Your disk isn’t really full, your inodes are. A senior DevOps engineer explains why your server lies about free space and provides three real-world fixes to solve inode exhaustion for good.
“My Disk Has Space, But It’s Full?” A DevOps Guide to Inode Hell
It was 2:47 AM on a Tuesday. PagerDuty was screaming about `prod-web-04` being ‘Disk Full’. I SSH’d in, heart pounding, ran the reflexive `df -h` and… nothing. 70% free space. My first thought? “Great, the monitoring agent is broken.” My second thought, after the alerts kept firing and the site started throwing 500 errors, was that I was in for a very, very long night. This wasn’t a space problem; it was a metadata nightmare. A problem I see junior engineers trip over all the time.
So, What’s Actually Happening? The Library Analogy
Before we fix anything, you need to understand why this happens. Every Linux filesystem has two distinct parts:
- Data Blocks: These are the large chunks where the actual content of your files (the text, the image, the video) is stored. This is what `df -h` (the ‘h’ is for ‘human-readable’) shows you.
- Inodes: Think of these as the index cards in a library’s card catalog. Each file and directory has one. It doesn’t contain the data, but it contains all the metadata about it: who owns it, its permissions, and, most importantly, where its data blocks are located on the disk.

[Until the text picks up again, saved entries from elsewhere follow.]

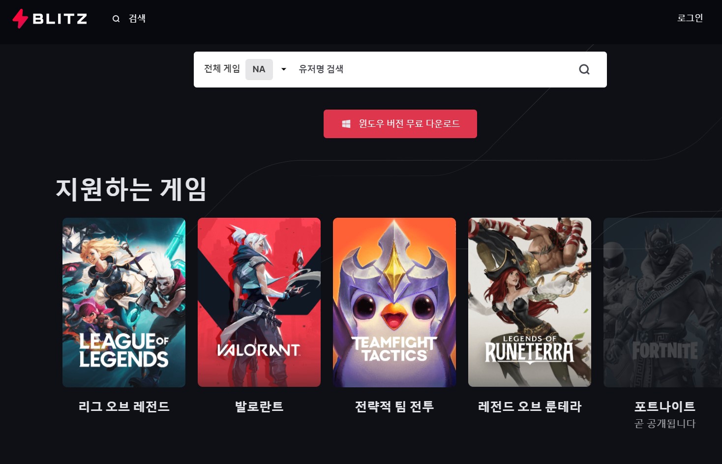 블리츠.gg 프로그램은 롤 이외에도 발로란트, TFT, 레전브오브룬테라 등도
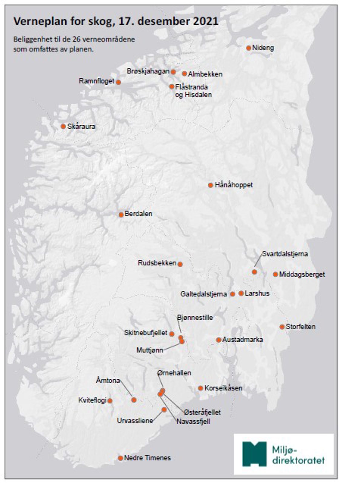 – Skogen spiller en avgjørende rolle for naturmangfoldet i Norge. Den er et viktig karbonlager, og en avgjørende klimapartner for å nå våre klimamål. Skogen er hjemmet til mye sårbar natur, som vi er helt avhengige av, og som vi må ta godt vare på. Regjeringen er opptatt av at skogvernet skal være treffsikkert, slik at vi fanger opp og beskytter truede arter, sier klima- og miljøminister Espen Barth Eide.
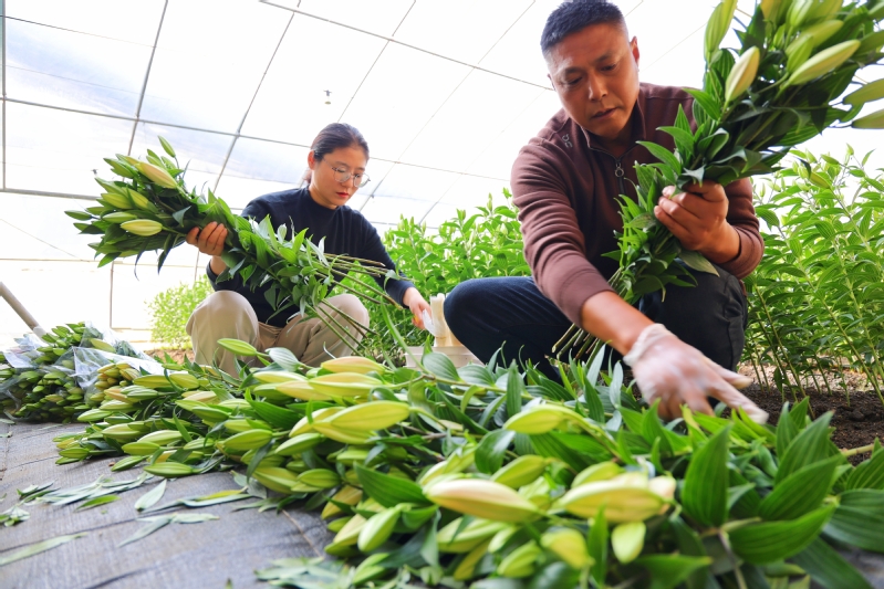 寒冬時(shí)節(jié),崗埠農(nóng)場(chǎng)高效農(nóng)業(yè)示范園11號(hào)大棚內(nèi)一片春意盎然。一株株百合花挺拔站立,不少花苞已露出粉色,在綠葉的襯托下格外嬌艷動(dòng)人。去年,崗埠農(nóng)場(chǎng)高效農(nóng)業(yè)示范園大力發(fā)展鮮切花產(chǎn)業(yè),引進(jìn)了“中國(guó)紅”“索蚌”等百合花品種,共種植14萬(wàn)株。通過(guò)為周邊種植戶提供技術(shù)指導(dǎo),農(nóng)場(chǎng)帶動(dòng)大家發(fā)展鮮切花產(chǎn)業(yè)。圖為工作人員正在整理百合鮮切花。
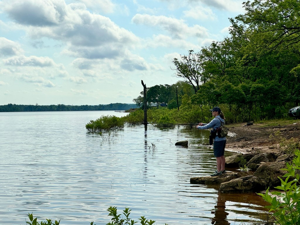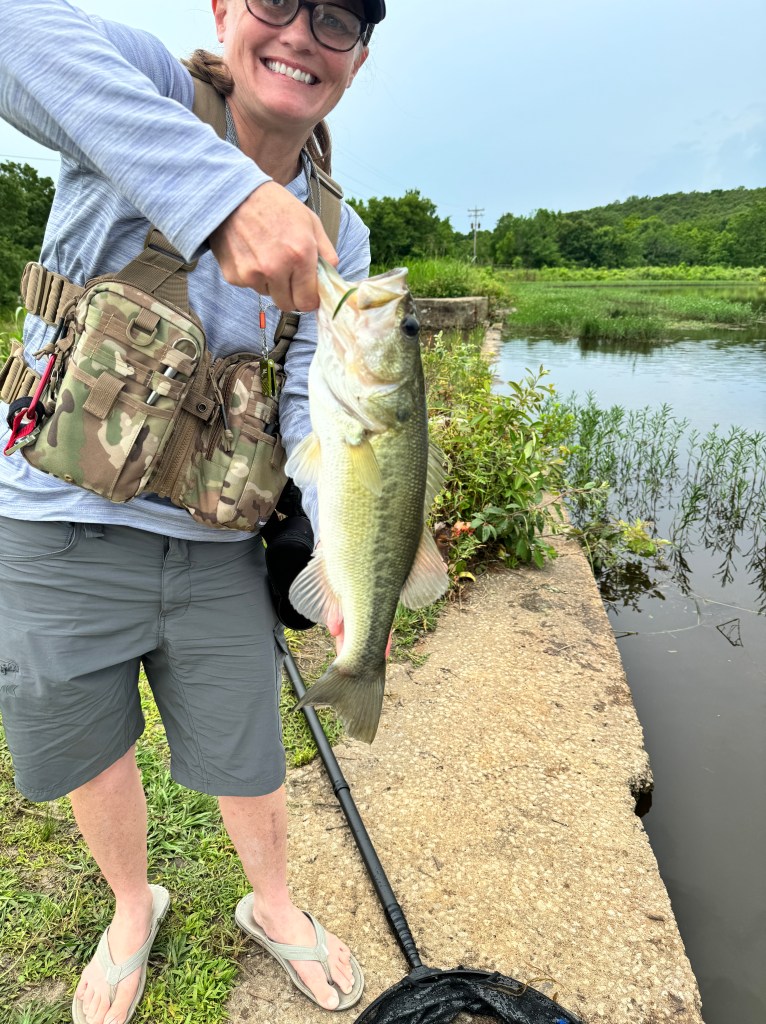 We had to wade through waist high grass and contend with ticks to fish the shoreline and with the water level being so high, the fish were practically at our feet with almost all bites happening within a foot or two of the shore.
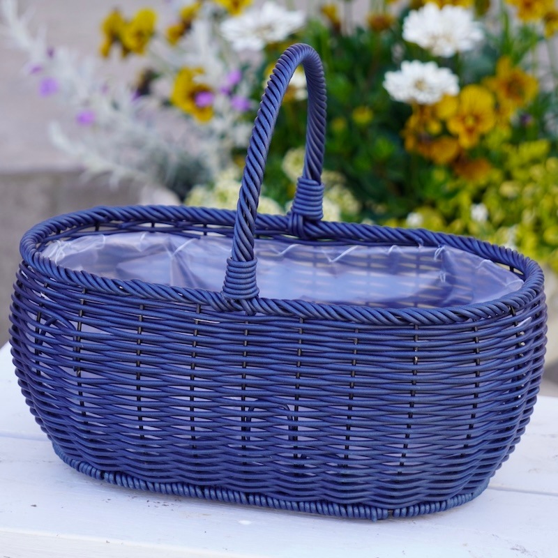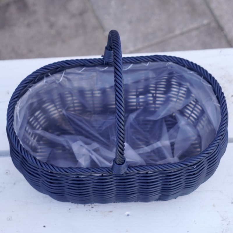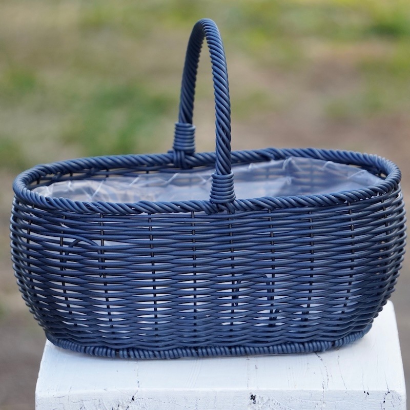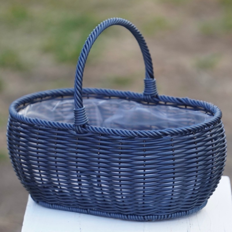 水で洗えるプラスチック製の籠タイプのハンドバスケット。
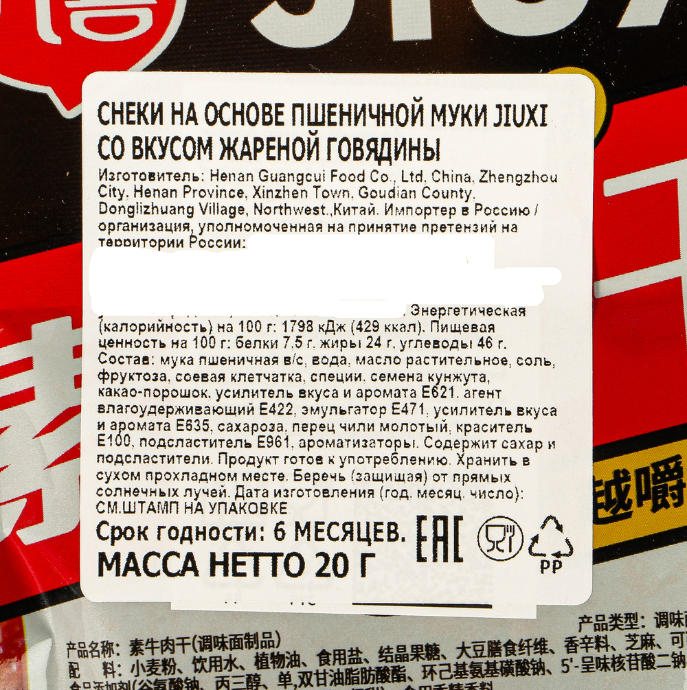 Снек "Jiuxi со вкусом жареной говядины" (20 г)
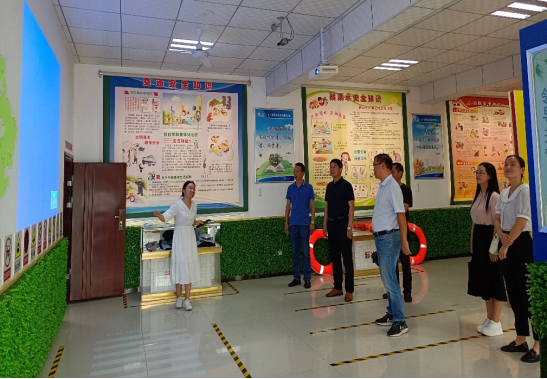 在铁路小学科普教育基地、小学法制教育基地,铁路小学的老师向王经理一行做了详细的介绍。铁路小学应用VR全新科技、全息投影和红外线感应技术、AI隔空控制技术,开展普法教育、安全教育。
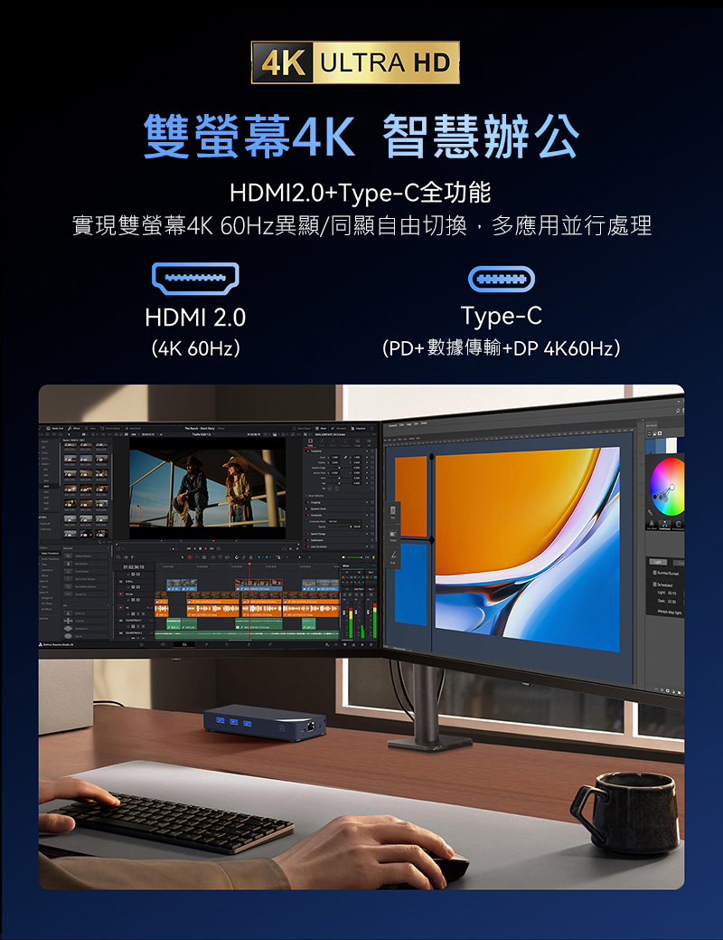 .輸出:HDMI 2.0(4K 60Hz) + 全功能 Type-C(4K 60Hz)
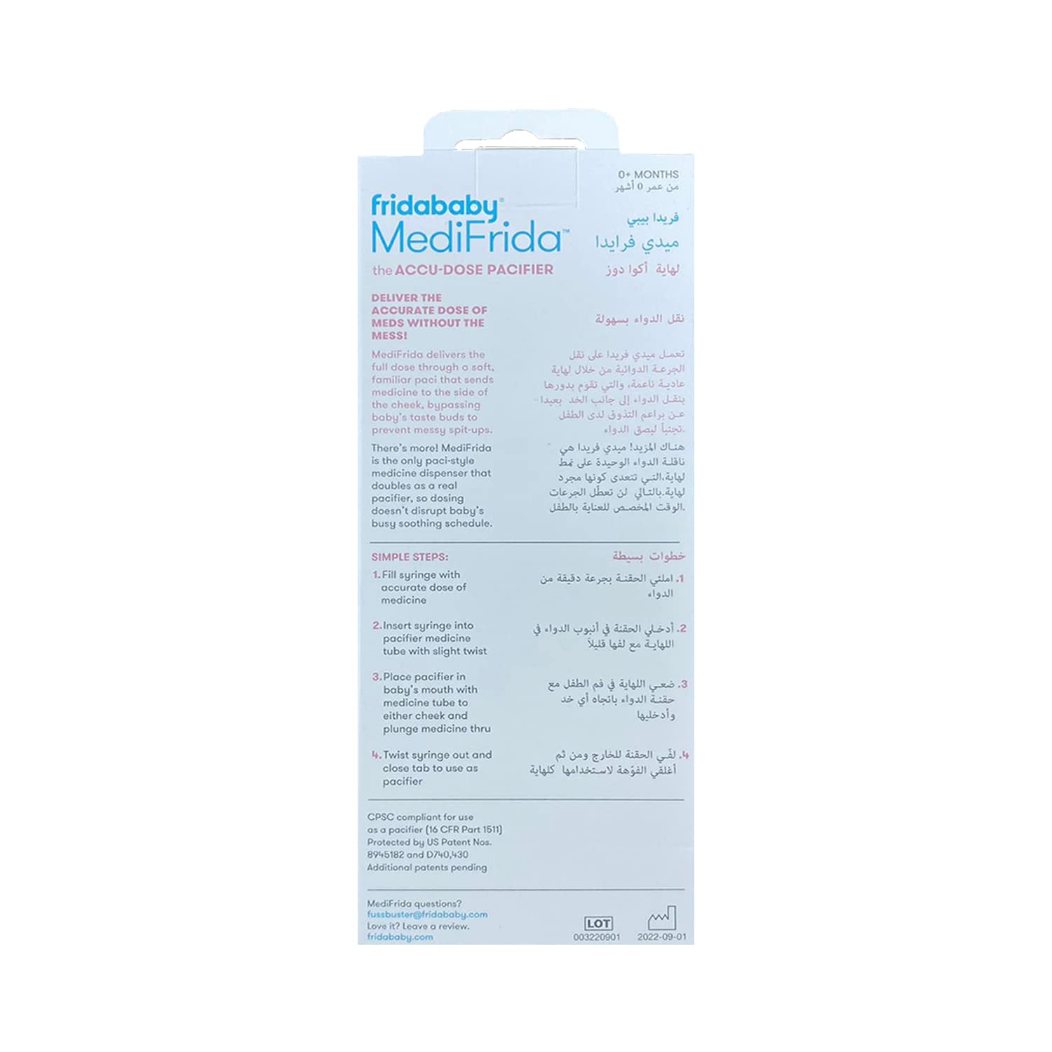 fridababy delivers the full dose through a soft, familiar pace that sends medicine to the side of the cheek, as recommended by doctors, bypassing baby’s taste buds to prevent spit-ups so baby swallows full dose.fridababy is the only pace-style baby medicine dispenser that doubles as a real pacifier, so dosing doesn’t disrupt baby’s busy soothing schedule.
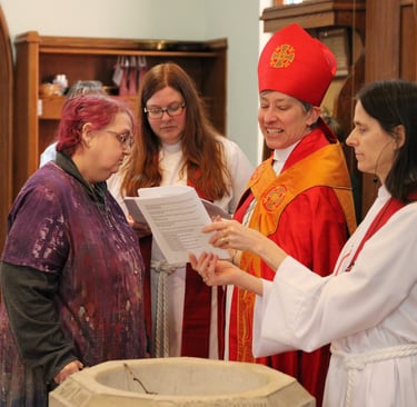 The bishop of the Diocese of Rochester, the Rt. Rev. Kara Wagner Sherer, visits annually. During the bishop's visit, there can be baptisms, confirmations, and receptions of new members. The bishop joins the congregation for coffee hour and meets with the vestry, the congregation's governing body.
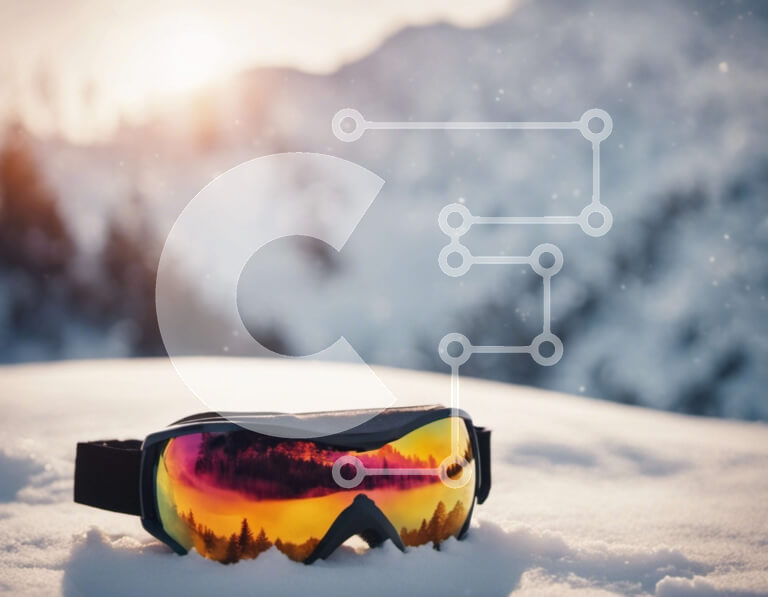 Intra Συλλεκτικό Ξύλινο Παζλ Plywood 4mm - Γυαλιά σκι με πολύχρωμους φακούς στο χιόνι Σε Ξύλινο Κουτί - Διαστάσεις Puzzle: 10x10 cm – 25 κομμάτια

Your server is like a library. You might have plenty of empty shelves (data blocks), but if you run out of index cards (inodes), you can’t add any new books. The system sees it can’t create the metadata for a new file, so it throws a “No space left on device” error, even when there are gigabytes of free space. You can see this discrepancy by comparing the output of `df -h` with `df -i` (the ‘i’ is for ‘inodes’).
# This looks fine...
$ df -h /dev/sda1
Filesystem Size Used Avail Use% Mounted on
/dev/sda1 100G 30G 70G 30% /
# ...but this is the real problem. 100% full!
$ df -i /dev/sda1
Filesystem Inodes IUsed IFree IUse% Mounted on
/dev/sda1 6553600 6553600 0 100% /
The usual culprit? An application generating millions of tiny files—think session files, cache entries, or job queue logs.
The Fixes: From Duct Tape to a New Foundation
Okay, theory’s over. The site is down and your boss is sending you question marks on Slack. Let’s get you back online.
Solution 1: The “Stop the Bleeding” Triage
This is the emergency fix. We need to find the directory that’s hoarding all the inodes and clear it out. We don’t have time for elegance; we need results now.
Run this command to count the number of files in each top-level directory. It can be slow, but it gets the job done.
# Find the directory with the most files/inodes
for d in /*; do echo "$d"; find "$d" -type f | wc -l; done
Often, you’ll find a path like `/var/tmp/sessions` or `/var/cache/app_cache` with millions of files. Once you’ve identified the culprit, you can carefully delete the files. BE CAREFUL. Don’t just `rm -rf *` a directory you don’t understand.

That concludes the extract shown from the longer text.